I have a dumb question. I just bought 14 new 4” round fence posts for my newly planted muscadine vines. As I said the posts are 4” in diameter but have 1 flat side. My question is: will the posts bow in the direction of the flat side or the round side? I want to set the posts so that they bow away from the vines. Tightening the wire instead of loosening the wire called several manufactures and they don’t have a clue.
Any comments would be greatly appreciated.

Hans


----------



## LoneTreeFarms (Nov 13, 2013)

they will not bow with straight or curved, the way that the post will bend or bow is directly related to how much post is burried and how much tension is on the wire between the posts. some of the setups that i've seen the post has a hole in it that the wire runs through where the wire is actually tied off to a angled brace post.


----------



## Rocky (Nov 13, 2013)

All things being equal, I would think the bow would be greater on the flat side because the structural integrity of the post has been partially removed. If it does not matter, I suggest putting the round side in the direction of the tension.


----------



## djrockinsteve (Nov 13, 2013)

You will need a wire and stake on opposite of tension site to prevent or reduce bowing. Drive a stake deep in ground 4 feet away from last post. Attach wire (9 or 11 gauge) to stake and post.


----------



## jamesngalveston (Nov 13, 2013)

it will bow to the flat side, unless the curved side is to the west.
wood bows with heat...the west sun is hotter then the east..
it will bow torwards the sun, does not matter what side, what size, are what type....it bows to heat.


----------



## ThePlantGuy978 (Nov 14, 2013)

Thanks for the info.
I did start putting them in yesterday with the flat side away from the vines, only have 10 more to go.
Hans


----------



## spaniel (Nov 22, 2013)

Running 10 vine rows, mature vines with full tension and fruit load, I've not seen any bowing of 4" SQUARE endposts. Round should be stronger. Remember most of the tension goes into the ground anchor.


----------



## grapeman (Nov 23, 2013)

I would not worry about the posts bowing, I would worry about them rotting off to quickly. Those sound like landscape timber and they are probably not treated very well. They are cheap, but only last about 5 years and then they rot off. I used some about 8 years ago and alternated with square 4x4's to see what was better- both about the same cost at the time. I should have boughten all 4x4's as they are still solid and I have had to replace a number of the landscape timbers. Those are meant for flowerbed borders, not end posts in a vineyard.


----------



## bigdrums2 (Nov 25, 2013)

I wouldn't use them in a big setting, but mine are fine for my ten rows.
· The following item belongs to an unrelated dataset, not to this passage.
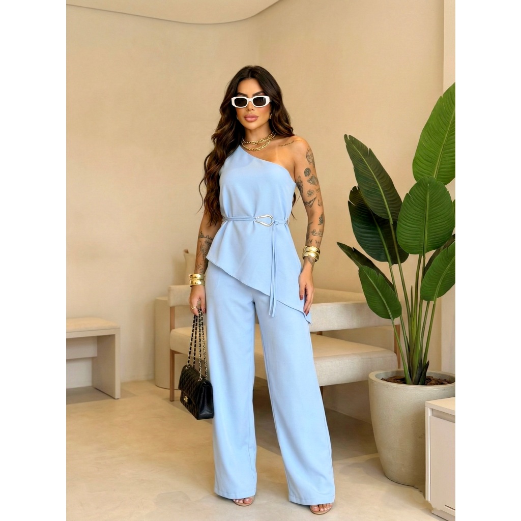 Conjunto Feminino Blusa Um Ombro Elegante Calça Pantalona Chique Com Cinto Fivela Dourado Nº1110-111610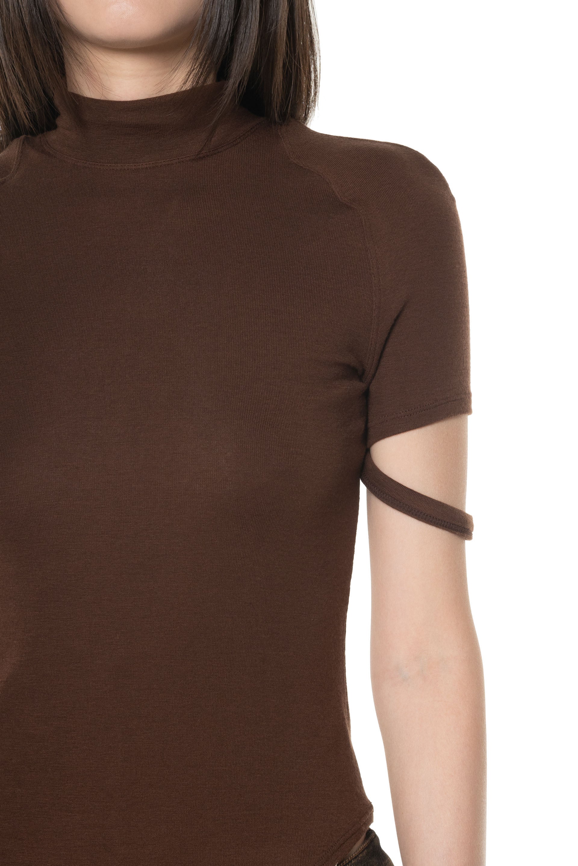 OUDE WAAG strikes a balance between Asian aesthetics and Western cutting. It is at the heart of designer’s philosophy: celebrating the power of women, yet simultaneously critiquing the ongoing objectification and idealisation of the body as you can see in the Oude Waag AW25 collection with the Ribbed Jersey Mock Neck T-Shirt Reddish Brown.

The ends were dipped in tar, set in concrete, sprayed with thompson's. No problems here in year 4.


----------



## ThePlantGuy978 (Nov 27, 2013)

grapeman said:


> I would not worry about the posts bowing, I would worry about them rotting off to quickly. Those sound like landscape timber and they are probably not treated very well. They are cheap, but only last about 5 years and then they rot off. I used some about 8 years ago and alternated with square 4x4's to see what was better- both about the same cost at the time. I should have boughten all 4x4's as they are still solid and I have had to replace a number of the landscape timbers. Those are meant for flowerbed borders, not end posts in a vineyard.



Thanks for the warning, but I found that out about 10 years ago when I used landscape timbers for end posts. Mine only lasted about 2 years when I had to replace them. The posts I have now are truly fence posts.

Thanks,

Hans


----------



## ThePlantGuy978 (Nov 27, 2013)

bigdrums2 said:


> I wouldn't use them in a big setting, but mine are fine for my ten rows. The ends were dipped in tar, set in concrete, sprayed with thompson's. No problems here in year 4.



Thanks for the info. My rows are VERY short, only 25', but I have 10 rows in this one location with only 2 muscadine vines planted per row. I know that there are planted too close for normal full production, but my main goal is to take cuttings for propagation. 
I have heard from several sources that wooden fence posts should not be set in concrete it speeds up their rotting away, but I guess dipping them in tar and using a sealer spray on them helps in the long run. 
Thanks,
Hans

www.MuscadinesAndMore.com


----------



## ThePlantGuy978 (Nov 27, 2013)

djrockinsteve said:


> You will need a wire and stake on opposite of tension site to prevent or reduce bowing. Drive a stake deep in ground 4 feet away from last post. Attach wire (9 or 11 gauge) to stake and post.



Do I really need a stake and wire at the end posts if my rows are only 25' long having only 2 muscadine vines per row?

Thanks,

Hans

www,MuscadinesAndMore.com


----------



## mgmarty (Dec 2, 2013)

the short answer, YES.


----------



## bigdrums2 (Dec 3, 2013)

ThePlantGuy978 said:


> Do I really need a stake and wire at the end posts if my rows are only 25' long having only 2 muscadine vines per row? Thanks, Hans www,MuscadinesAndMore.com



I think that if your posts are set in concrete and you brace the ends then you won't have a problem. You can see an example in the grape grower book. You can angle the brace in the inside towards the end post or do an h bracket brace, sealing that one in gravel or concrete. My rows are about 40 feet long and I did mine that way, no problems. However... My muscadines are not on that but a regular fence. My bunch grapes are on the trellis.


----------